In this notebook, I'm mapping the parameters given by Heidelberg CVL to the parameters required by my model

In [1]:
import torch
from safetensors import safe_open

In [2]:
file = '../../../../.hf-cache/CVL-Heidelberg/sdxl_encD_canny_48m.safetensors'

In [3]:
weights_tensors = {}
with safe_open(file, framework='pt', device='cpu') as f:
   for key in f.keys():
       weights_tensors[key] = f.get_tensor(key)

In [4]:
from util import print_as_nested_dict

These are the params (on lv 1) the weights provide

In [5]:
print_as_nested_dict(sorted(weights_tensors))

control_model
dec_zero_convs_out
enc_zero_convs_in
enc_zero_convs_out
input_hint_block
middle_block_out
scale_list


In [6]:
from diffusers.models import AutoencoderKL
from diffusers import StableDiffusionXLPipeline

In [7]:
model = "stabilityai/stable-diffusion-xl-base-1.0"
vae = AutoencoderKL.from_pretrained("stabilityai/sdxl-vae", torch_dtype=torch.float16)

In [8]:
pipe = StableDiffusionXLPipeline.from_pretrained(model, vae=vae, torch_dtype=torch.float16)
sdxl_unet = pipe.unet

Loading pipeline components...:   0%|          | 0/7 [00:00<?, ?it/s]

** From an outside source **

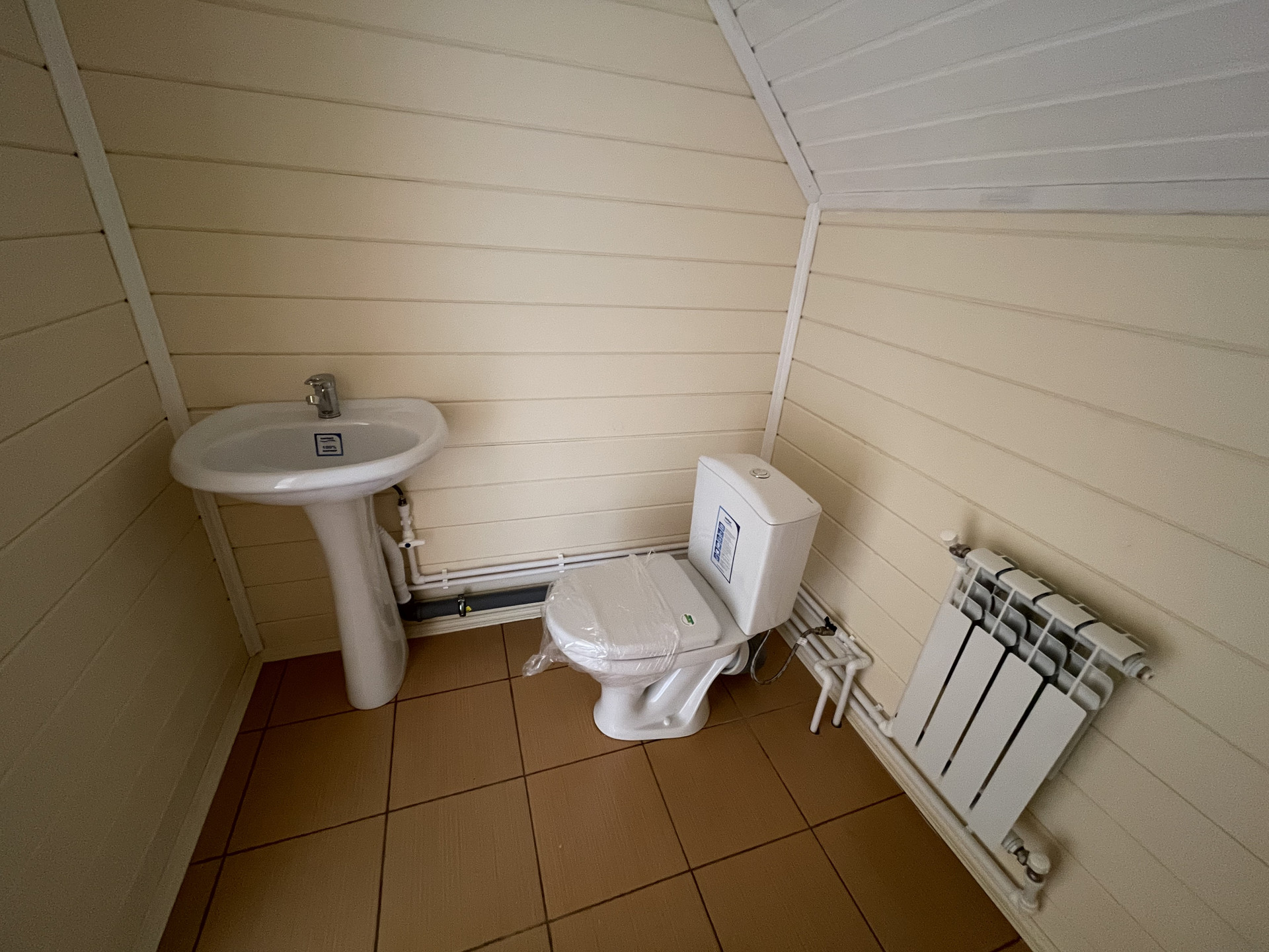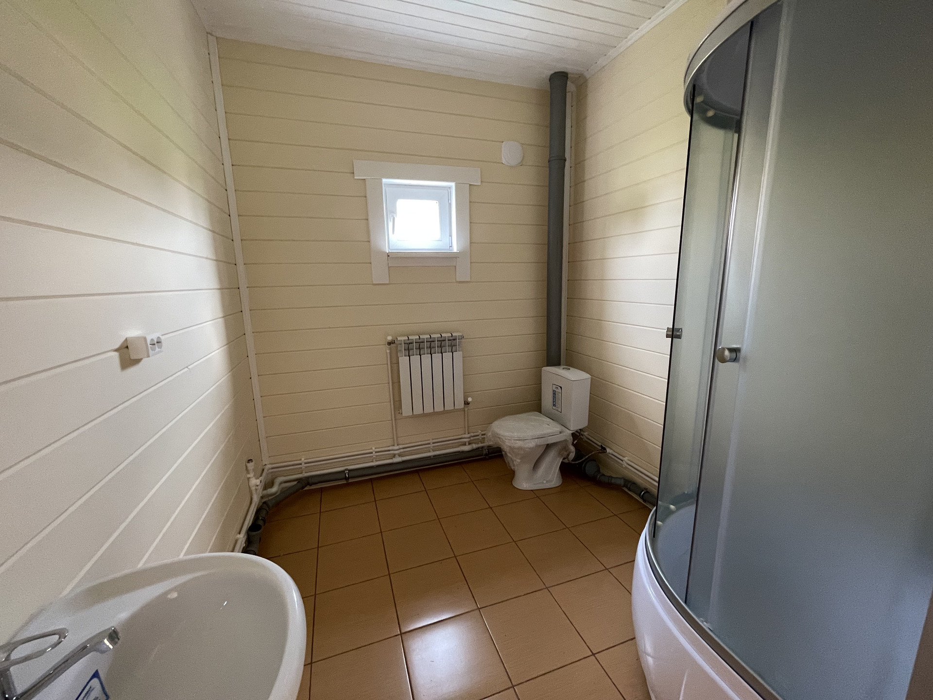 - Вода скважина на участке, водонагреватель, вода проведена в кухню и санузлы. В санузлах - душевая кабина, раковины, унитазы, сантехника.

At the end of __init__, the sigmas are tensor([14.6146, 14.5263, 14.4386, 14.3515, 14.2651]) ...


In [9]:
from diffusers.models.controlnetxs import ControlNetXSModel

In [10]:
cnxs = ControlNetXSModel.create_as_in_paper(base_model=sdxl_unet)

In [11]:
model_tensors = cnxs.state_dict()

These are the params (on lv 1) the model needs

In [12]:
print_as_nested_dict(sorted(model_tensors))

base_model
control_model
dec_zero_convs_out
enc_zero_convs_in
enc_zero_convs_out
input_hint_block
middle_block_out
scale_list


In [13]:
def lv0(k): return k.split('.')[0]

In [14]:
model_lv0 = set(map(lv0,model_tensors.keys()))
weights_lv0 = set(map(lv0,weights_tensors.keys()))

missing   = sorted(list(weights_lv0 - model_lv0))
unexpected= sorted(list(model_lv0 - weights_lv0))
expected  = sorted(list(model_lv0.intersection(weights_lv0)))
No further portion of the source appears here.